Embodiments of the present disclosure may utilize various sensors, for example contained in a downhole gauge, which together are capable of sampling, processing, and/or storing high-resolution or high-frequency data (e.g., up to several kHz or more) downhole. Additionally, embodiments of the present disclosure may utilize a surface unit, such as a computer or other computing device, to monitor or acquire data indicative of downhole conditions, but not received from the gauge or sensors. One example of such a surface unit includes power meter or analyzer at the surface that may acquire load voltage and/or current data at a high sampling rate (e.g., several kHz or more), which may then be analyzed to generate an estimation of vibration generated by, or imparted to, the downhole equipment such as the ESP or an associated motor.
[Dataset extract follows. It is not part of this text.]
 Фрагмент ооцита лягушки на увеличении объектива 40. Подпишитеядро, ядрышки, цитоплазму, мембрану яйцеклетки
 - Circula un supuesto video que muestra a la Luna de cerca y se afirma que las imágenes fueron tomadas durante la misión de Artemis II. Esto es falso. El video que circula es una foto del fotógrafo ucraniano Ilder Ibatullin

Thus, the downhole sensors or gauge acquire data indicative of downhole measurements (or “downhole data”) such as vibration, pressure, temperature, fluid flow rates, and the like, in a high-frequency or high-resolution manner, which enables a faithful capture of the downhole conditions affecting the ESP. However, as noted, in certain cases the bandwidth available to transfer data acquired downhole by the sensors or gauge may be insufficient (e.g., a few hundred bytes per second) to transfer the high-resolution data to the surface in a real time or continual manner. Conversely, the surface unit acquires the data indicative of surface measurements (or “surface data”) such as load voltage or current data in a high-frequency and real-time manner (i.e., there is no reliance on a bandwidth-constrained telemetry link to acquire the surface data), but only represents an estimate of actual downhole conditions such as vibration affecting the ESP.
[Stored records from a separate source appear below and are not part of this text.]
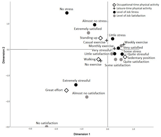 Moreover, do not exercise leisurely or do it occasionally was compared to weekly or monthly exercise. Dimension 2 contains the categories quite, very and extremely stressful versus somewhat stressful, little, almost nothing, and nothing. Satisfaction levels were not at all, almost at all, little, somewhat, and quite satisfactory versus very and extremely satisfactory. Exerting great efforts in the workplace, walking or being sedentary are opposed to standing at work. Not doing physical activity in your spare time faces doing it on an occasional, weekly, or monthly basis. In the relationships between variables, it is observed that hard work physical activity is more directly related to extreme levels of job stress and low levels of job satisfaction (almost nothing). In addition, the category that does not perform LTPA is the one closest to great efforts in the workplace.
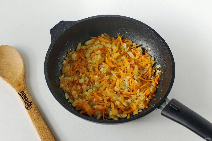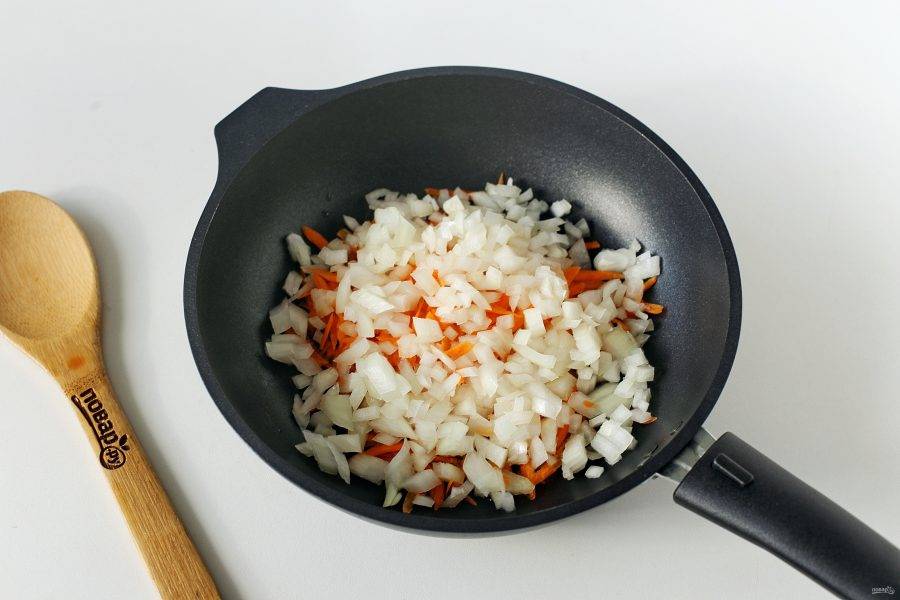 Лук нарежьте кубиками, а морковь натрите на терке.
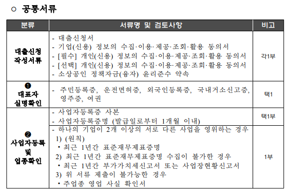 소상공인,정책자금 제출서류
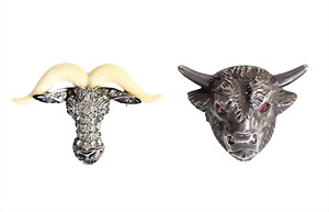 Lot: 1 Paar Broschen ART-DECO 1930/40er Jahre, 1 Brosche, Silber (STERLING), Büffelkopf mit Hörnern (Bein), farbloser Strass ca. 40,3 x 27,4 mm; 1 Stierkopf mit roten Steinaugen, Silber (geprüft), plastisch ausgearbeitet, ca. 34,8 x 26,5 mm
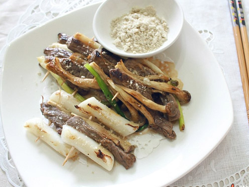 각 재료의 크기와 두께를 비슷하게 맞춰서 꽂으면 구울 때 더욱 고르게 익을 수 있답니다! 예를 들어, 고기와 파프리카, 버섯을 한 번에 꽂으면 서로 다른 식감이 나서 아주 맛있어요! ^^
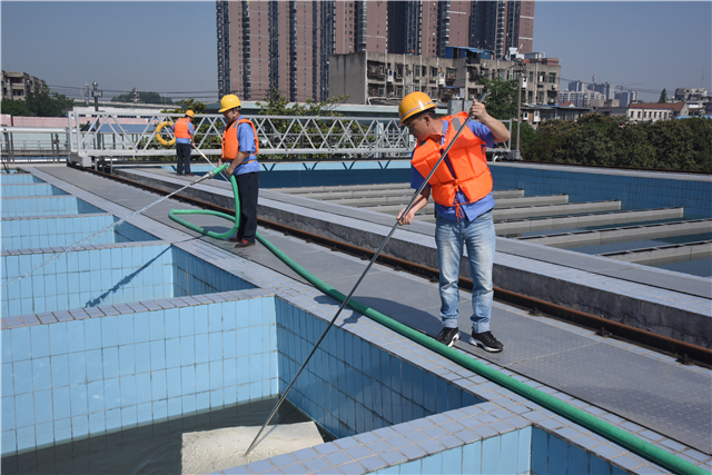 抢险员们有序地开展各项工作,采取关闭取水和送水机组,清洗供水构筑物的应急措施,阻止污染水进入管网。
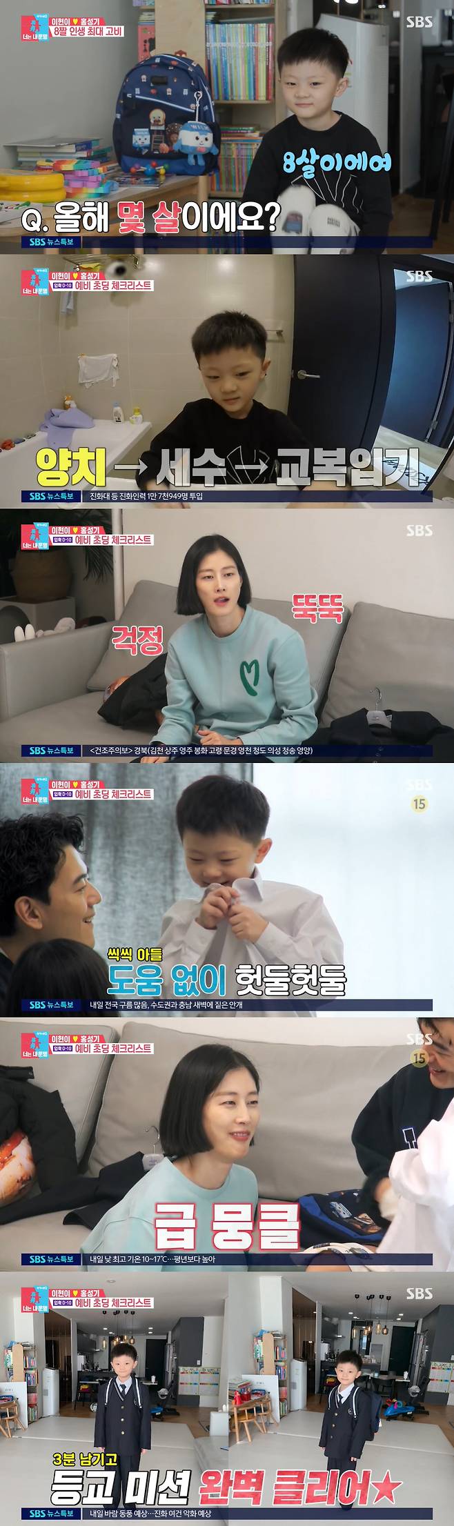 아빠의 첫 미션은 20분 안에 세수, 양치, 교복 입기까지 등교 준비하기. 이때 도와주려 안절부절하던 이현이는 혼자서도 척척해내는 아들의 모습에 "윤서 많이 컸구나"라며 눈물을 글썽였다.
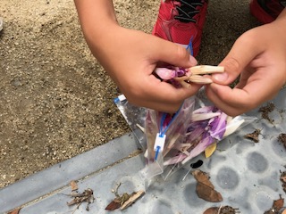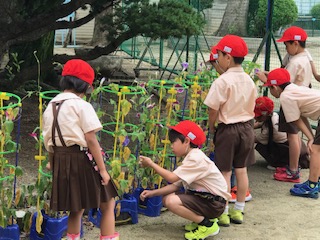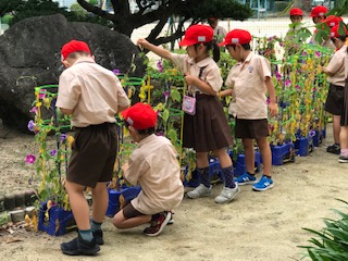 1年が育てている、アサガオの花がたくさん咲いています。花びらから、汁をつくり染めるそうです。どんな作品ができるのか、とても、楽しみですね。
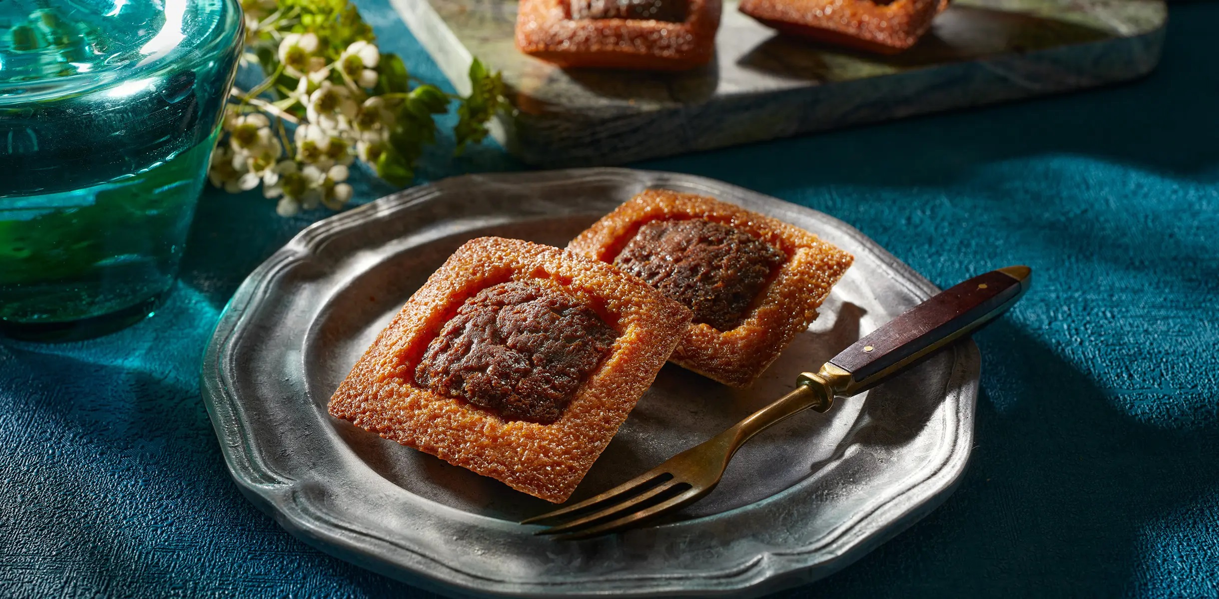 使用北海道發酵奶油和香濃的西班牙杏仁製成的布蕾費南雪,表面沾滿了芳香的布蕾巧克力醬,口感濕潤多汁。

To address these and other issues, embodiments of the present disclosure seek to establish a baseline during an early stage of rotating device life based on the surface data and/or the downhole data, which defines a certain “signature” or “profile” that corresponds to a healthy operating mode of the rotating device. For example, very shortly after downhole deployment of a rotating device such as an ESP, before the device is affected by mechanical failure or wear, data indicative of surface measurements such as load voltage or current data is acquired by a surface unit such as a power meter or analyzer. As explained above, this surface data is not constrained to transmission over a bandwidth-constrained telemetry link, and thus may be sampled at a high rate or continually. At the same time, data indicative of downhole measurements is acquired by a downhole gauge (or any suitable combination of sensors, processing circuitry, and memory) and stored downhole (e.g., in a memory component of the gauge). In some embodiments, the downhole data is collected at a singular position downhole while in other embodiments the downhole data is collected at multiple positions downhole.
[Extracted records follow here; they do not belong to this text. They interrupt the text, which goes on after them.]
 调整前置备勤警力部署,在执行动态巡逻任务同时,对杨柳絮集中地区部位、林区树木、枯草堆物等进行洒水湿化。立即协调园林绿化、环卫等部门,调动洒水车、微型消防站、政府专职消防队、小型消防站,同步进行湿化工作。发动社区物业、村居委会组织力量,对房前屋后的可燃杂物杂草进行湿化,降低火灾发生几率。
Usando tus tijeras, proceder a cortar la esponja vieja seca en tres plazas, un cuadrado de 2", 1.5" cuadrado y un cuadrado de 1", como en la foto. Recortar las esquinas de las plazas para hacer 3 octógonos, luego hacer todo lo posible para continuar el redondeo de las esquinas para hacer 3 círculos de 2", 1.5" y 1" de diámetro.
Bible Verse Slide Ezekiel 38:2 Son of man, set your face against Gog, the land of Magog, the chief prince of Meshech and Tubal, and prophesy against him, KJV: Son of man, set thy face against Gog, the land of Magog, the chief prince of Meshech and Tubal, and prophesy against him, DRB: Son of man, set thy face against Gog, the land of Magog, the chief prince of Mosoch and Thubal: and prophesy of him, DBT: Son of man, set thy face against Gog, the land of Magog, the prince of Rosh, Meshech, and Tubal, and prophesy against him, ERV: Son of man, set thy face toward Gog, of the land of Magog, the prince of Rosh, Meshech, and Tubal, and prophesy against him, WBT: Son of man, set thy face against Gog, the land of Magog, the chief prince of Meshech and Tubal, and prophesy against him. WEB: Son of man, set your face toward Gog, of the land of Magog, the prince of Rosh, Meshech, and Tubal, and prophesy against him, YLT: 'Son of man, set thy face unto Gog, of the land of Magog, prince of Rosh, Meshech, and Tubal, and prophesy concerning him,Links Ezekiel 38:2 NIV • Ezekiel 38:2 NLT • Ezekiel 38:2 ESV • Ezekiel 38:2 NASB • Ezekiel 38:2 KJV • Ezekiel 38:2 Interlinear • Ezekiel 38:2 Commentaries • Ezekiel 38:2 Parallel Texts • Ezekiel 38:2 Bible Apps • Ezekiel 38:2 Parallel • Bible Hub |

As explained above, the downhole data may be a significant volume of data that cannot be transmitted continuously to the surface, and thus the downhole data may be stored downhole for a predetermined amount of time (e.g., one day or one week). After the prescribed amount of time, the downhole data is transmitted to the surface over the telemetry link. The periodicity of transmission need not remain static and in some embodiments may change in duration. The transmitted data may comprise a full-resolution waveform or the results of a frequency analysis or other processing of raw data collected by sensors. Once the downhole data is received by a remote computing device at the surface, a baseline signature profile is established based on both the received downhole data and the corresponding acquired surface data.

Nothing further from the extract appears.